Madame de Scudemor avait repris son impassibilité, mais elle était accentuée d’une tristesse encore plus déprise que de coutume. Sa vie et celle d’Allan étaient rentrées dans le lit où elles coulaient, distinctes et réunies ; mais, pour ces deux existences l’une dans l’autre sans se mêler jamais, il n’y avait que deux Océans amers, il n’y avait pas de douce Aréthuse ! Depuis qu’elle avait manqué de réaliser son beau poème de machiavélisme, la dernière tentative de sa pitié inconsolable, madame de Scudemor s’était résignée… si ce parti-pris sur soi-même, d’une réalité d’impossible, sèche et irrévocable, peut s’appeler du nom presque religieux de résignation.

Allan l’aimait à présent du sentiment de tous ses torts vis-à-vis d’elle. Il ne se croyait plus le droit d’une plainte. Il acceptait, comme pour se laver à ses propres yeux, le malheur contre lequel il s’était sans cesse brisé le cœur. « Il ne faut pas souffrir à demi », a dit quelqu’un. D’abord la douleur irrite, puis elle endurcit, mais à force de souffrir, on s’améliore. L’ananas ne mûrit que sous un soleil qui corrode, et l’orange resterait acide si le ciel était toujours doux. Ce qu’on a beaucoup moins observé, peut-être, c’est que rien dans une âme droite et noble n’est perfectionnant comme un tort. Les natures qui n’ont jamais failli, sans réparation vis-à-vis d’elles-mêmes et des autres, n’ont pas la vitesse de bien faire de celles qui trébuchèrent une fois.

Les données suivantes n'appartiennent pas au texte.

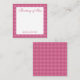 Personalized stationery enclosure notecard with a pink gingham pattern in notes of dark deep and vibrant rose pink with the sentimental words "Thinking of You". Tuck it into a flower bouquet or meaningful gift. These minimal flower shop inspired enclosure cards bring a retro kitchen vibe to your most thoughtful moments.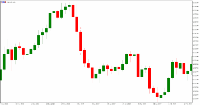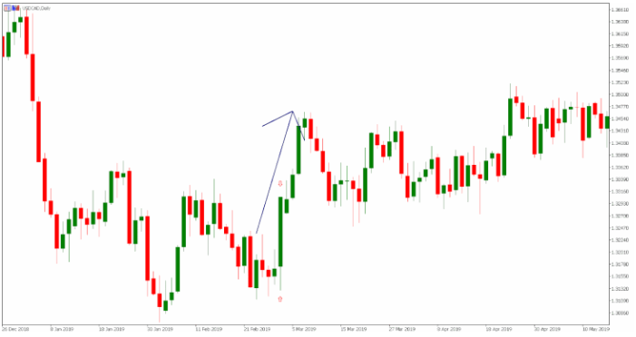 下のチャートでは、USD/CADのチャートで、強気の始値丸坊主ローソク足を確認することができます。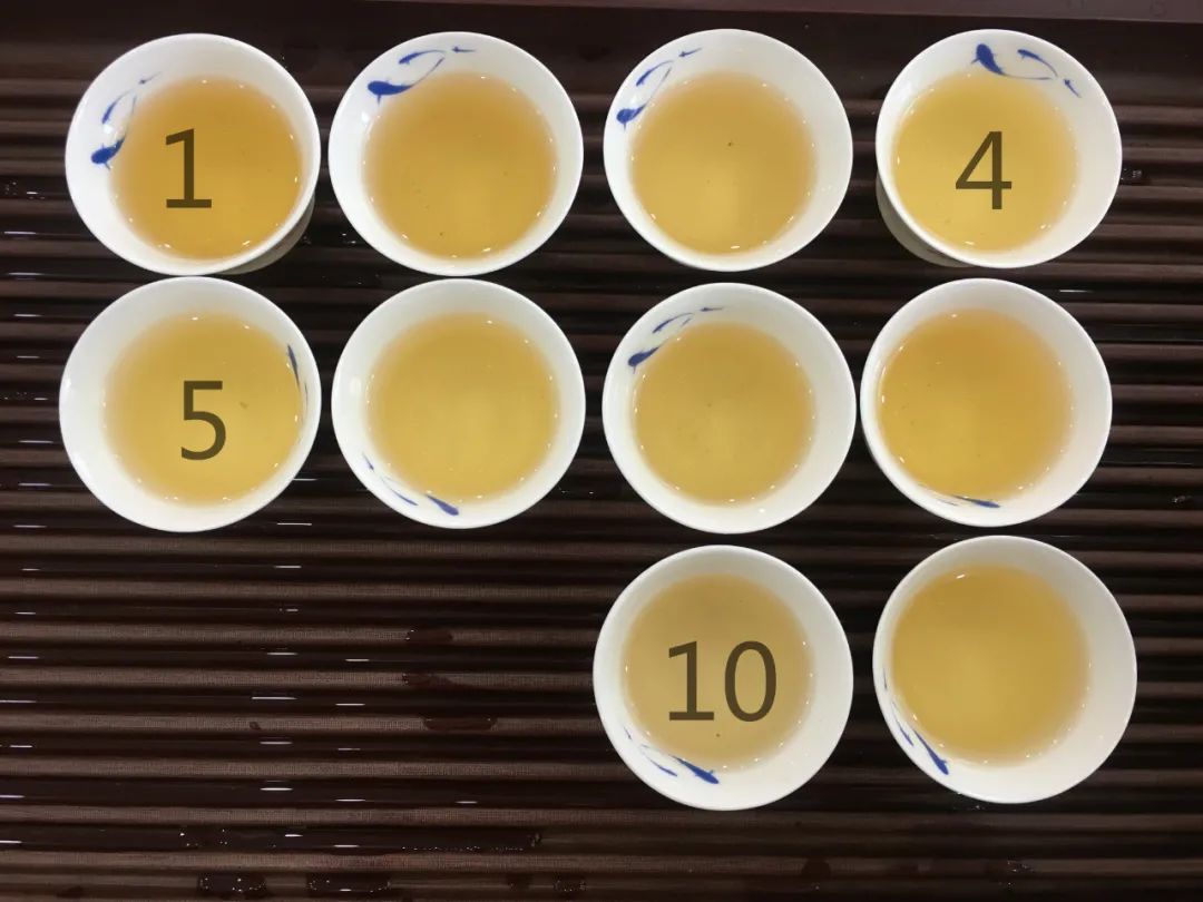 第10泡(5m):茶湯以清爽的甘甜味為主,無(wú)澀掛口現(xiàn)象。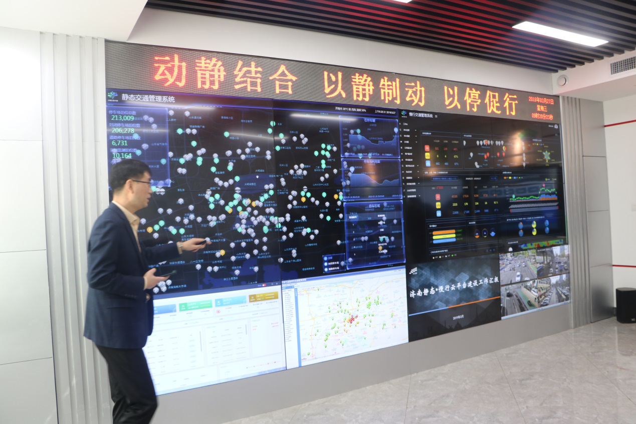 大家首先參觀了七樓數(shù)創(chuàng)中心。“城市交通大腦”及智慧停車平臺,“一云四中樞”智能交通總體架構(gòu),對接交通運輸、氣象等部門管理數(shù)據(jù),匯入滴滴、高德等互聯(lián)網(wǎng)企業(yè)數(shù)據(jù),構(gòu)建動態(tài)交通感知大數(shù)據(jù)資源池,為聚力打造的泉城智能交通管理新生態(tài)。

Allan valut mieux depuis qu’il eut été si coupable, — et le sentiment de son reproche intérieur fut une purification de son amour.

Il lui en parlait souvent, et il entremêlait ce qu’il lui disait de pardons demandés et accordés toujours. Son amour ne perdait plus maintenant son respect dans les familiarités de la passion. Cet homme renouvelé, mais non changé, n’osait même plus la caresse. Il était devenu, de possesseur, amant ; de maître, esclave ; quoiqu’elle ne fût pas plus reine que jamais. Les portes restaient fermées la nuit. Nul pas ne s’entendait dans les vestibules, et les faits du mariage — cette indécence quand ce n’est pas une sainteté — n’accusaient plus la mésalliance de ces deux cœurs. Cela devait-il durer longtemps ?… Est-il vrai que l’homme vive mieux de ses désirs quand il ne les a pas apaisés ?… Allan verrait-il son amour rongé par le repentir comme par une maladie lente ? Et qui devait succomber dans la lutte, de la passion ou bien du remords ?… Ah ! lorsque vous l’avez acclimatée en vous, cette passion dangereuse, elle ne meurt plus que de sa belle mort et — à la confusion de la nature humaine ! — le remords vigoureux, acharné, jeune quand on la croyait vieillie, meurt le premier, sous les habitudes de cette passion invétérée, comme sous les embrassements visqueux d’un polype…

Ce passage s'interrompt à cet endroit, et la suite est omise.